As is the fashion of the day, though, Blofeld (Christoph Waltz) wasn’t allowed to simply be Blofeld. Even though the movie was called Spectre (Blofeld’s organization), even though Christoph Waltz was the obvious guy you’d cast as Blofeld, the production insisted he wasn’t playing Blofeld. When Waltz first appeared onscreen in Spectre it was as “Franz Oberhauser.” Eventually, in a lengthy torture scene, Oberhauser announced his other name and his Goldmembery origin. He wasn’t just some deranged terrorist fixated on James Bond for no good reason; he was a deranged terrorist fixated on James Bond for a sort-of good reason. Blofeld and Bond were adoptive brothers.

Spectre didn’t copy Goldmember exactly. The two foes don’t set aside their differences to take down a third madman intent on destroying the world. Their father isn’t an onscreen character. And Blofeld doesn’t rap his own version of Jay-Z’s “Hard Knock Life.” But the central dynamic and big reveal are shockingly similar.

In retrospect, this helps illuminate why Spectre was such a disappointment after the heights of Casino Royale and Skyfall. The James Bond series, which had been floundering when Austin Powers ascended to the summit of popular culture, regained its mojo specifically by rejecting all the stuff the Powers series liked to mock. Gone were the gadgets, the catchphrases, the mindless shagging. Daniel Craig was the anti-Austin Powers. That’s why people liked him.

Then they went and shoved his Bond in a storyline that didn’t just evoke Austin Powers, it was actually recycled from Austin Powers. Even worse, it repurposed that storyline while leeching out all of its jokes, which left you with a goofy concept played with deadly seriousness.

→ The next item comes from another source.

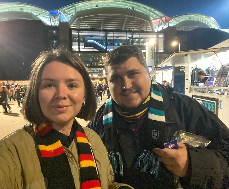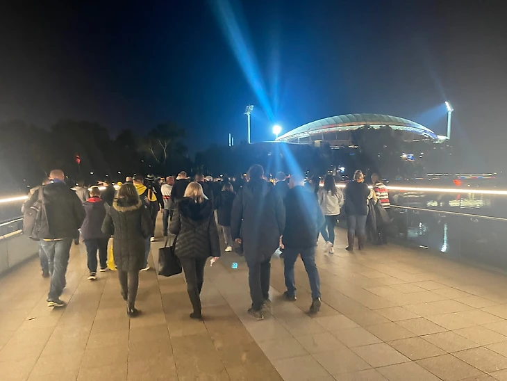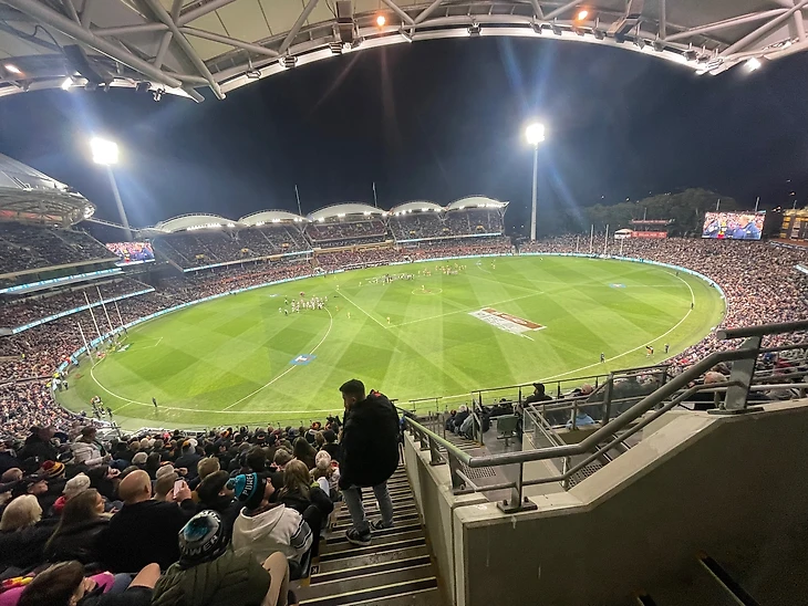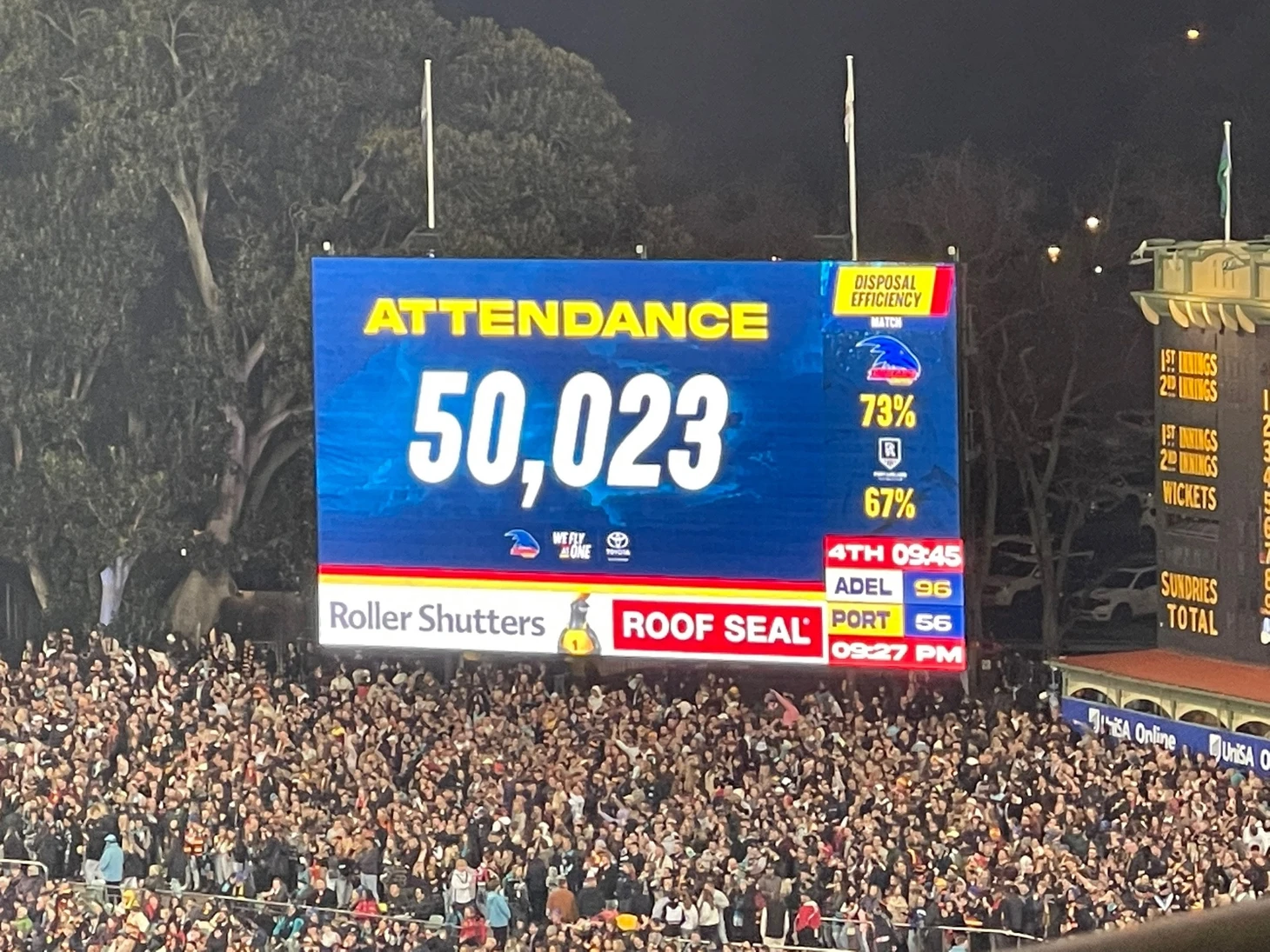 Сразу стало очевидно, что для Аделаиды этот матч – одно из важнейших событий в спортивном году. Невероятное количество людей в атрибутике «Аделаиды Краус» и «Порт Аделаиды Пауэр». Особенно бросалось в глаза количество семей, где разные члены болеют за разные команды.

Dumb as the whole arch-enemies-are-really-brothers thing was in Goldmember, at least there it was done with tongue planted firmly in cheek. Spectre tried to pass that off as a genuine revelation, one that supposedly explained the long and tortured history of the two men. (It didn’t.)

Pitting Craig’s Bond against a soft-spoken psychopath in a jacket with no lapels was the kind of cliché audiences had tired of long before Mike Myers started satirizing 007. Doing that in 2016 after three Austin Powers movies? Throw me a frickin’ bone here.